Just some other stuff in my brain.

Dec 10, 2006 19:45

So I promised I'd post about last weekend but I lied. Now that it's over I have absolutely no intention of doing so. So I'll talk about a lot of cryptic bullshit instead.

My future?:
So lately I've been really thinking about where I want to take my life. For some reason I feel the need to have some sort of plan, I guess so I can feel bad about deviating from it later on down the road. Maybe it was the way I was brought up or a product of my previous circumstances but I always feel like I need to have a plan or at least an outline for everything I do. I can't just focus on the next year or the next semester of classes and say "I'll work on this this year and then I'll think about next year when next year comes." No, no, that's not the way Kayleigh works.

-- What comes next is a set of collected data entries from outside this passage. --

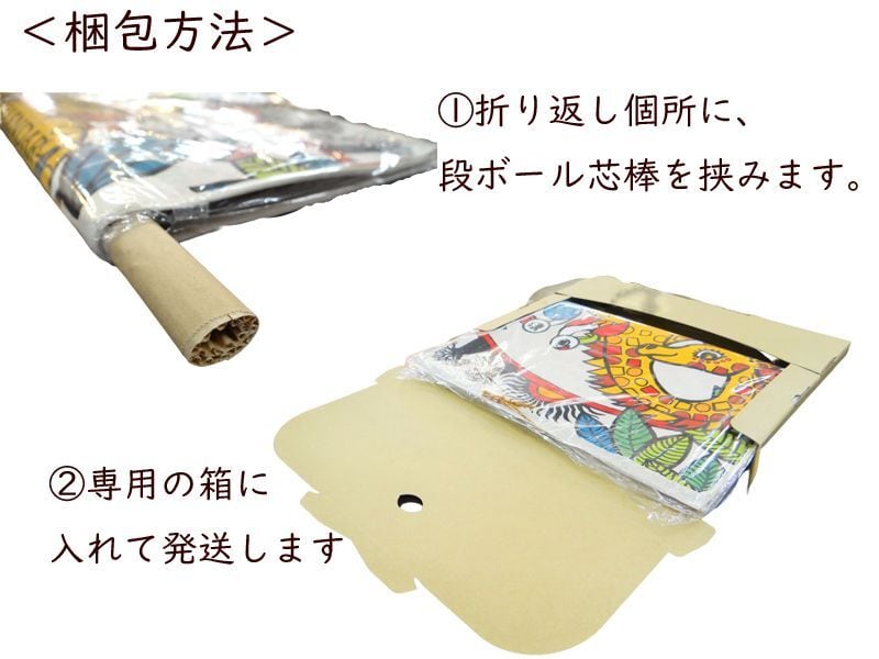 【配送サイズ、料金の関係上、芯棒を挟み二つ折りの状態で発送させていただきます】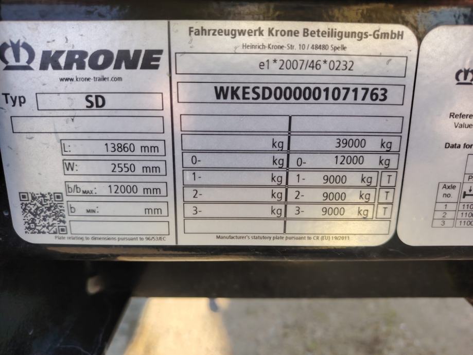 KRONE SDP 27, u prometu od 03/2024, ABS, EBS, zračni ovjes, disk kočnice, podizna osovina, podizni krov, kutija za alat, dimenzije vozila DxŠxV: 13.860 mm x 2.550 mm x 4.000 mm, NDM 36.000 kg. masa praznog vozila: 6.800 kg, nosivost: 29.200 kg, gume: 385/55 R22,5, VIN: WKESD000001071763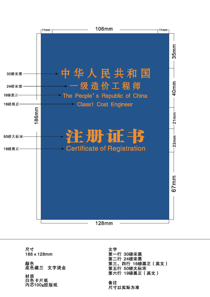 (一)一級(jí)造價(jià)工程師注冊(cè)證書(shū)樣式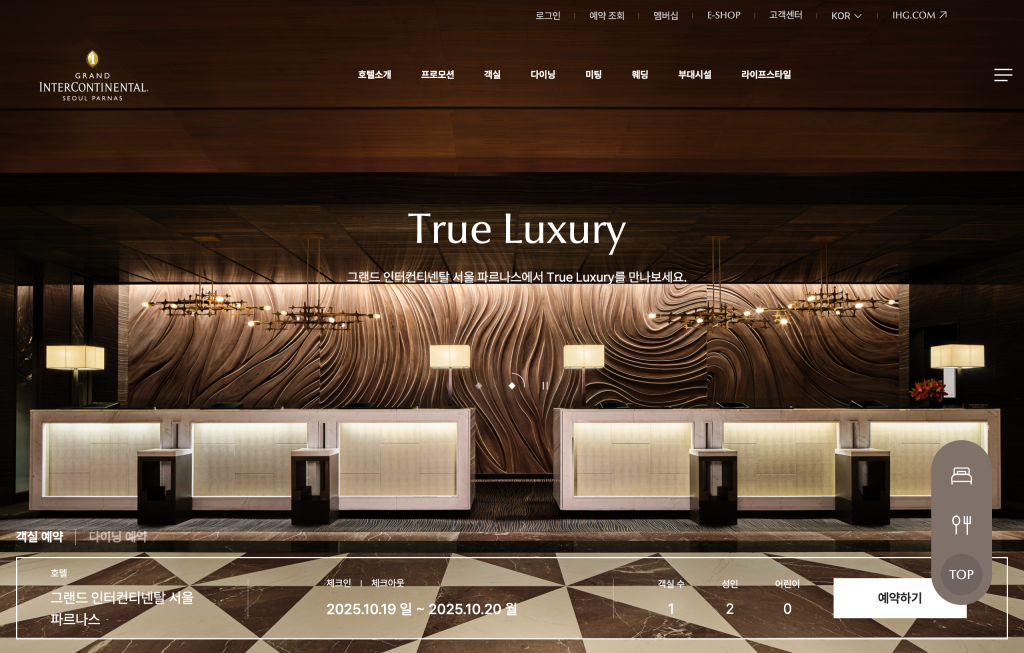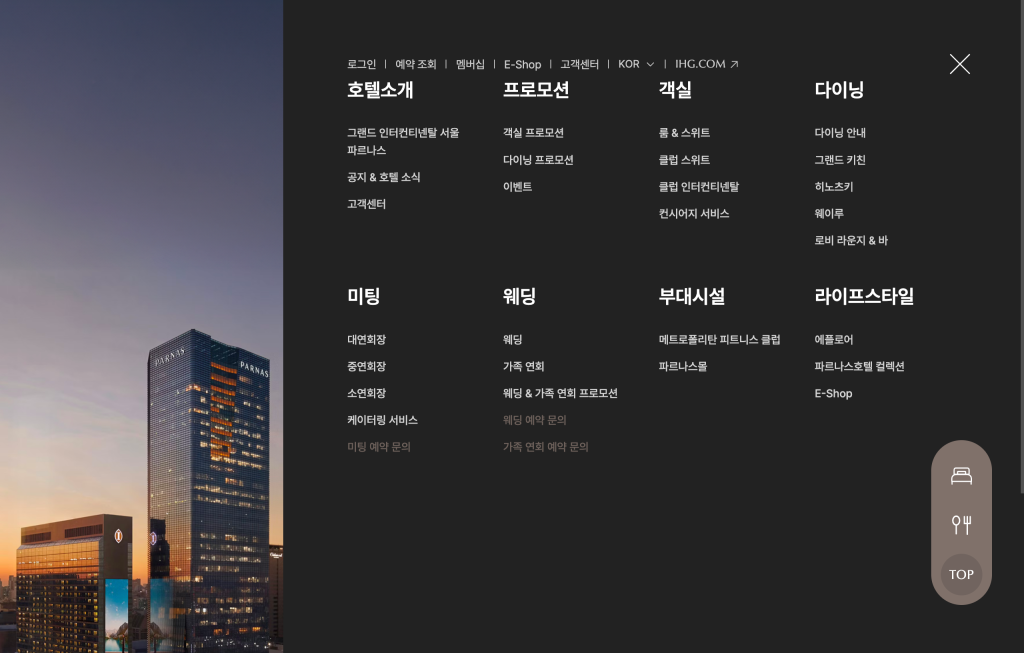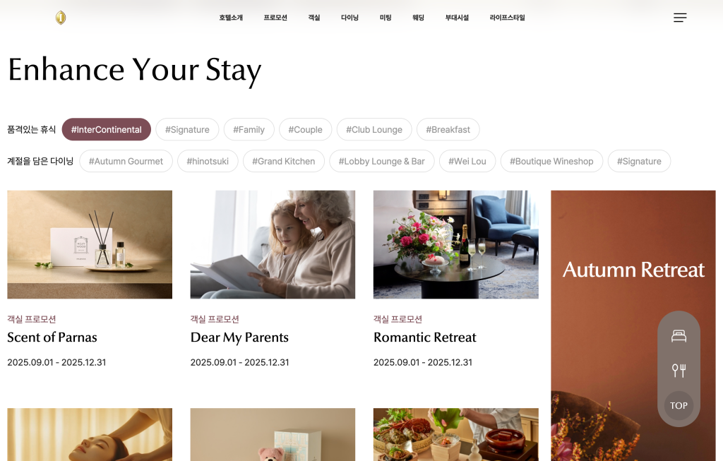 Grand InterContinental Seoul Parnas 웹사이트, 웹디자인

I need a good idea of what I want to do for the next 10 years already planned out before I can decide what college to apply to etc... So I feel like I'm at a cross roads now. I can make one decision and commit myself to one path. This path might inhibit me from doing other things that I had always thought I wanted to do. I won't be able to do certain things I've wanted to since I was very little but I think I'd enjoy it very much anyway. On the other hand I do another thing but I doubt it'll be any more fulfilling. And what's more it's unknown. I'd have the opportunity to do some other things but this path is less certain, and therefor requires more planning than the first. I'm not quite sure where I'll be going. And I know in the long-run it doesn't really matter. I've decided my purpose is to be happy and try to flow with this particular life. I should stop fighting things so much. When it comes down to it I have very little control of my life. I can only make the best of circumstances that are given to me. For all my planning I'll still end up in unsure situations and possibly uncomfortable unseen events. I keep telling myself to stop worrying so much, because I don't have to decide anything now, and even if I do the universe will probably pitch me a curve ball just to show me that my plans are shit anyway. It's still hard though. I keep trying to decide my future now.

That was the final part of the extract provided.